L'évo(富山/南砺)
イノベーティブ:
辺境から発信する革新的な地方料理
3月半ば、〈レヴォ〉の敷地はまだ雪に覆われていた。富山駅から峠越えの道を約2時間。アクセスは決してたやすくない。でも、着いてしまえば旅の疲れなど吹き飛ぶ心地。ゆったりとしたレセプションにくつろげば、厨房から漏れる薪火の温かな香りが芳しい。別棟の客室は、窓が切り取る景色が室内の空気まで浄化するかのようだ。
富山市内で高い評判を得ていた〈レヴォ〉が利賀村に移転したのは2020年。谷口英司シェフが選んだ“理想郷”は、自然の恵みが眠る山間の集落だ。
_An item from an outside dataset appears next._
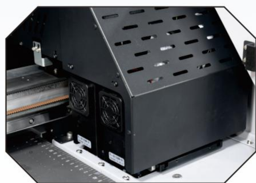
Air cooling system

15皿のコースで供される料理は、ジビエは脂まで美しく、野菜やハーブは香りが鮮烈。この日は、生きたまま薪火で炙ったホタルイカが供された。針穴に糸を通す緻密さで作られていながら、味わえば山へ、その先の海へ意識が広がっていく。
帰りの心配がないのは宿付きレストランの魅力だが、それだけではない。夜の静寂に浸り、森の目覚めに耳を澄ませば、そこに棲む命の気配に味の記憶が蘇り、体に染み渡る。そう考えれば険しい山道も、美しいアプローチなのだ。